I just fed my P's and were watching them eat, then I notice there is about 4-5 of these little "worms" trying to swim around my tank.....my powerhead and filters provide way too much current for them and they just go in an endless cycle, but they are wigglin' their little hearts out trying to get out of the current and swim away......

What are these little things? Are they baby P's (my one P has looked quite fat the past couple of weeks, still is kinda) or are they some type of parasite, or what?
*
MOVIE*: http://www.twinsenland.com/vids/worm.avi (right click "save target as")

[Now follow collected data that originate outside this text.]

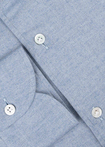 Classic 'Shiller' shirt by 100 Hands made of soft flannel, featuring a cutaway collar, full-length mother-of-pearl button placket, button-cuff sleeves, back darts, and a rounded hem.
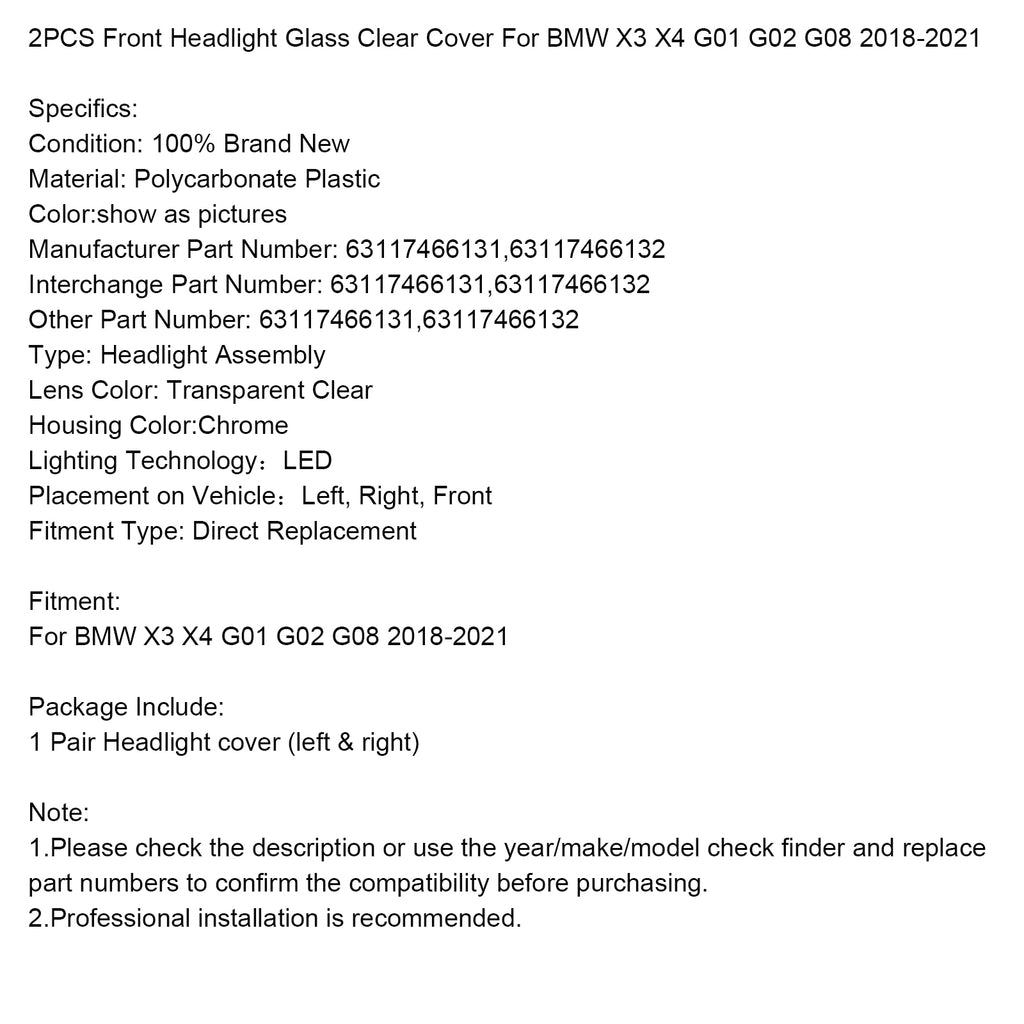 2PCS Front Headlight Glass Clear Cover For BMW X3 X4 G01 G02 G08 2018-2021
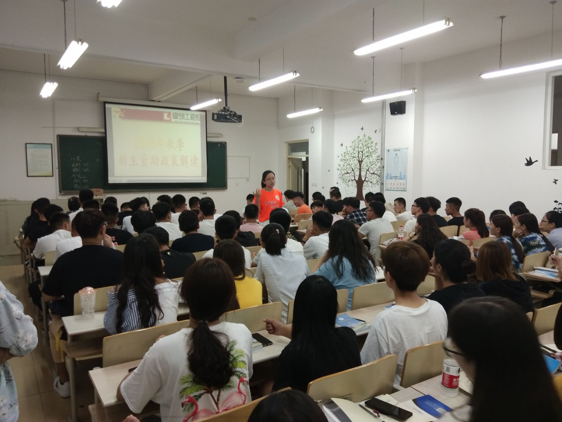 政策解读,加强新生教育。为使每位新生都能系统的了解到各级资助政策,新生军训期间,利用两天晚自习专门开设资助政策解读主题班会,由我系资助辅导员逐班进行资助政策讲解,并在这一过程中融入感恩励志教育。班会中,每位新生都听的十分认真,针对他们提出的若干问题,都一一进行了解答,获得了不错的反响。
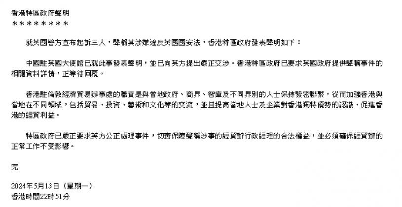 中國使館「敦促英方立即糾正錯誤」,「確保在英中國公民各項合法權益」;港府要求英方「切實保障聲稱涉事的經貿辦行政經理的合法權益,並必須確保經貿辦的正常工作不受影響」。
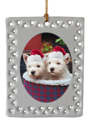 This delightful rectangle porcelain West Highland Terrier Christmas Ornament will provide a festive addition to your family celebrations. It features a West Highland Terrier on both the front and back of the ornament. Hang it on your Christmas tree or decorate anywhere around the house. This collectible ornament also makes a great gift for any dog lover. Measures about 3.5 inches high and 2.75 inches wide
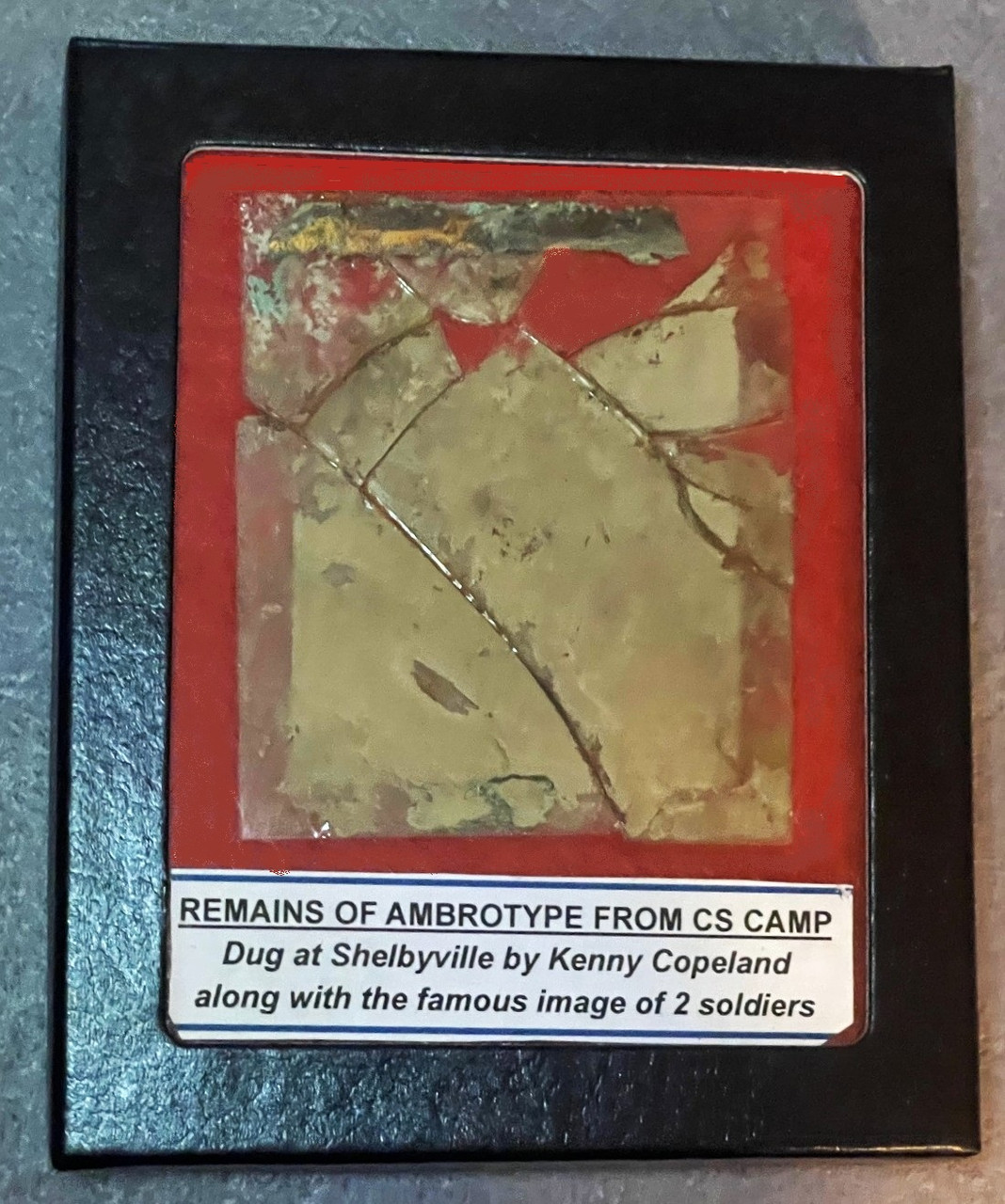 This item was dug with the very famous ambrotype of two Louisiana soldiers. The notable ambrotype is pictured in Steve Mullinax's Confederate Buckle Book and Charles Harris Civil War Relics of the Western Campaigns books (see pictures) . When Ken dug it, it still had a very clear image, so clear that you could see the Pelican Buckles and buttons on their uniforms.
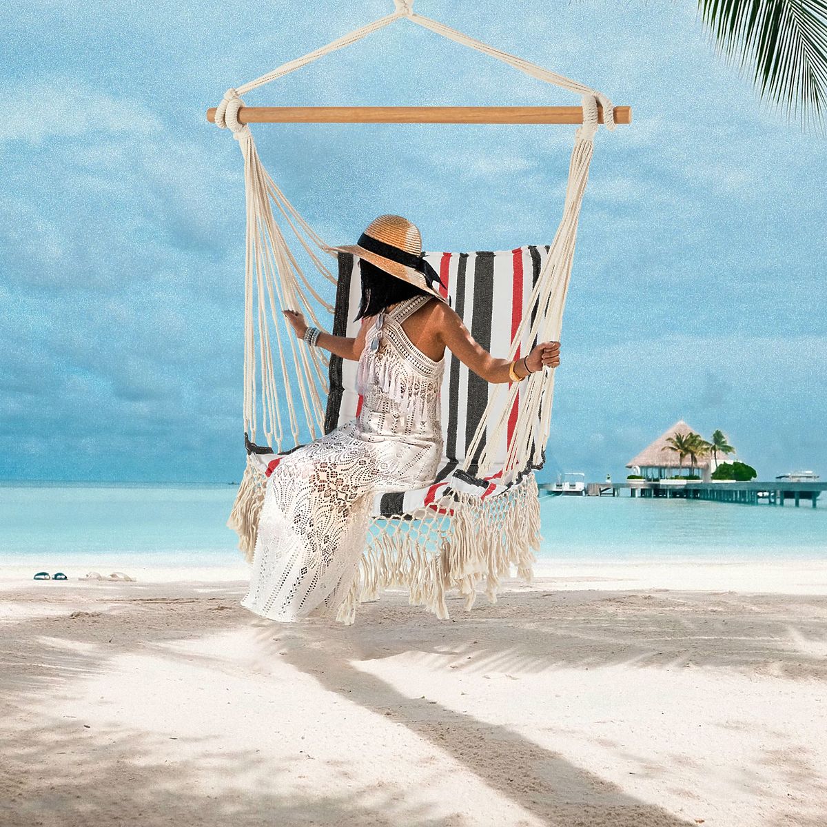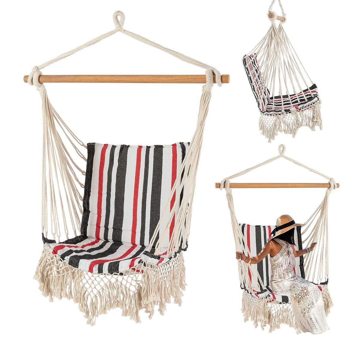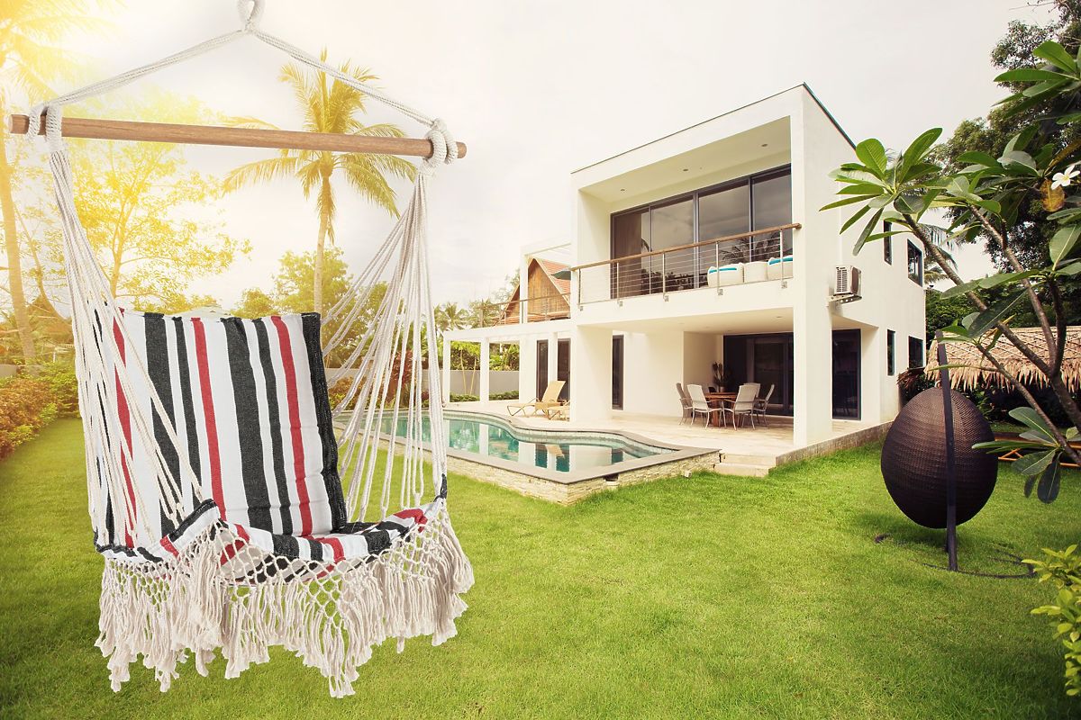 Izuzetno udobno i pouzdano mjesto za odmor! Možete se opustiti, popiti kavu, pročitati knjigu ili zaspati. Želite li probuditi maštu svoje djece i želju za igrom na svježem zraku? Naručite viseću mrežu za sebe i članove svoje obitelji! Viseća mreža je vrlo udobna – izrađena od pamuka prilagođava se točno onako kako želite sjediti. Nema užadi niti šavova koji pritiskaju. Paket uključuje dva jastuka također od pamuka.
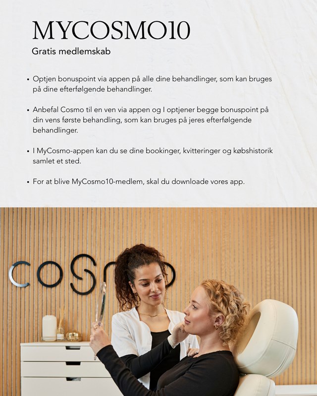 MyCosmo10 er gratis og giver adgang til en række digitale og økonomiske fordele gennem klinikkens app. Her kan medlemmer optjene bonuspoint på alle behandlinger svarende til 10 procent rabat, som kan bruges på efterfølgende behandlinger. Derudover kan kunder anbefale Cosmo Laser til en ven gennem appen, så begge optjener bonuspoint på vennens første behandling.
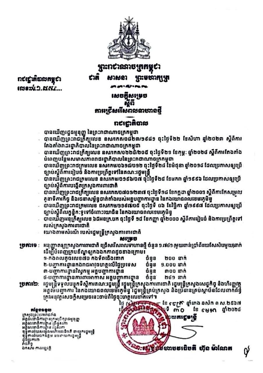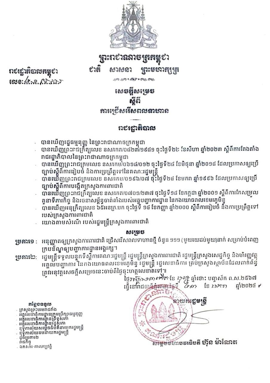សេចក្តី​​សម្រេច​នេះ​ បញ្ជាក់​ទៀត​​ថា​  ការ​​ជ្រើសរើស​​ពលទាហាន​​ថ្មីនេះ​ ​ត្រូវ​​បាន​ ​ធ្វើ​​ឡើង​​ទៅតាម​​សំណើ​​របស់​​ក្រសួង​​ការ​​ពារ​​ជាតិ​​។​​
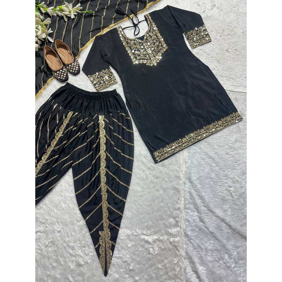Designer Women's Party Wear Set Elegant Top Dhoti Salwar Dupatta
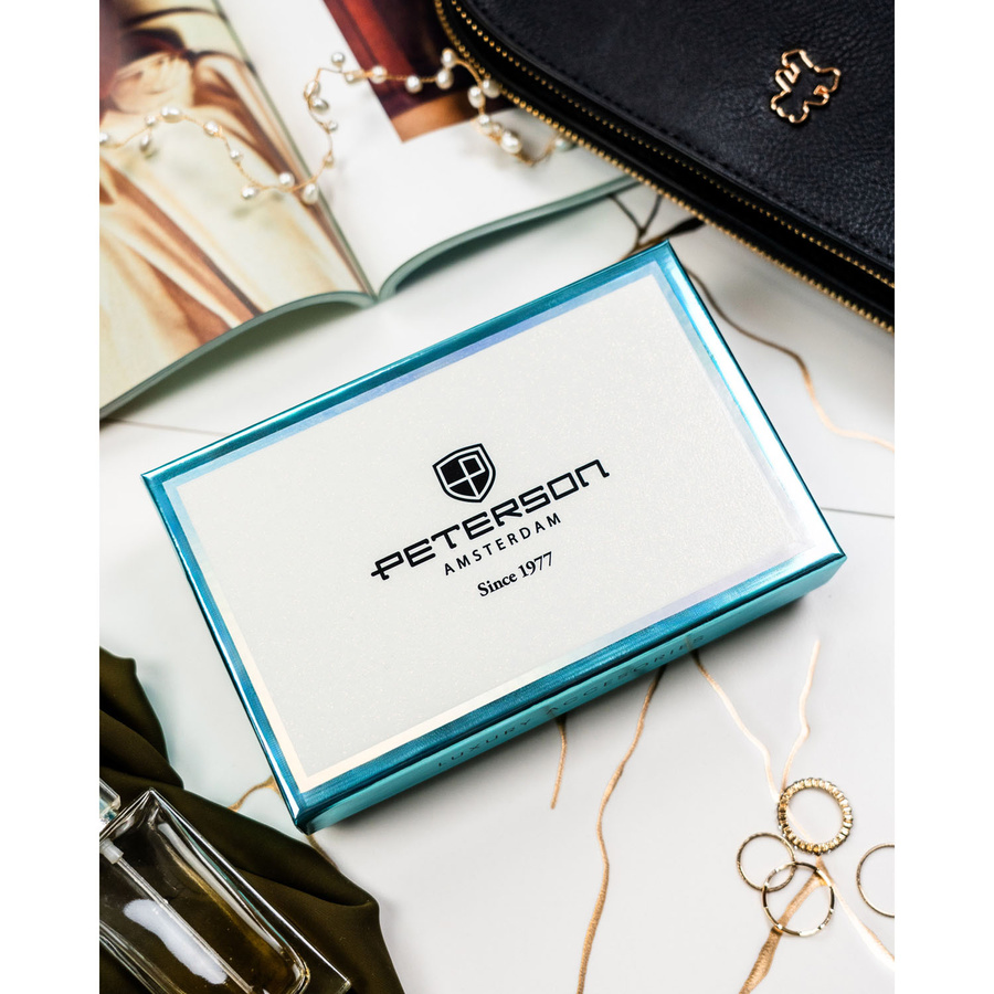 Portfel damski ze skóry naturalnej i ekologicznej w brązowym kolorze, wyposażony w system RFID - Peterson

-you can see me following one of them, all the REALLY small white things are just air bubbles from the air pump......if you cant see what im trying to show you please tell me

Man I hope these arnt internal parasties









Edit: And for the past couple of days, 2 P's have been on one side of my tank, with the other one on the other side, dont know if it matters, but they never did this before. And no, I did not notice them swimming around in circles if they did lay eggs and these are baby P's....


----------



## mdmedicine (Dec 20, 2004)

I would turn off the power head at least for the moment...Lets see the movie clip.


----------



## CROSSHAIR223 (Jan 17, 2005)

Just get some goldfish and watch them eat those little dudes


----------



## daaaaaan (Oct 27, 2004)

http://www.twinsenland.com/vids/worm.avi

There, right click "save as"


----------



## daaaaaan (Oct 27, 2004)

anybody?


----------



## daaaaaan (Oct 27, 2004)

please help if you know what they are, i think they may be palaneria (sp?)


----------



## daaaaaan (Oct 27, 2004)

up


----------



## Sam (Mar 18, 2004)

After first reading your post I thought planeria for sure. 
But after seeing the vid...I don't know what that is...but it's not like any planeria I've ever seen.


----------



## daaaaaan (Oct 27, 2004)

hm, what is it then? Anybody help?


----------



## taylorhedrich (Mar 2, 2005)

daaaaaan said:


> hm, what is it then? Anybody help?
> [snapback]1124992[/snapback]​


Well, when I had little squiggly white worms in my 130 gallon tank that looked just like mosquito larvae, I threw some goldfish in the tank. That wiggling motion was irresistable to the goldfish. Of course though they were the only fish in the tank, so if you had piranha in the tank, my method wouldn't work.
~Taylor~


----------



## JD7.62 (Apr 7, 2005)

I had the same looking thing in my tank one time. I leave my windows open quite often so I figured it was just some insect larvae and my juvi (at the time) Ps loved to eat them!


----------



## GlassblowRBPown (Apr 4, 2005)

mosquito larvae. cant picture it bein anything else


----------



## taylorhedrich (Mar 2, 2005)

GlassblowRBPown said:


> mosquito larvae. cant picture it bein anything else
> [snapback]1127535[/snapback]​


There is no way mosquito larvae could get into the tank. It would have to be stagnant water for the mother to lay the eggs in, I'd think....
~Taylor~


----------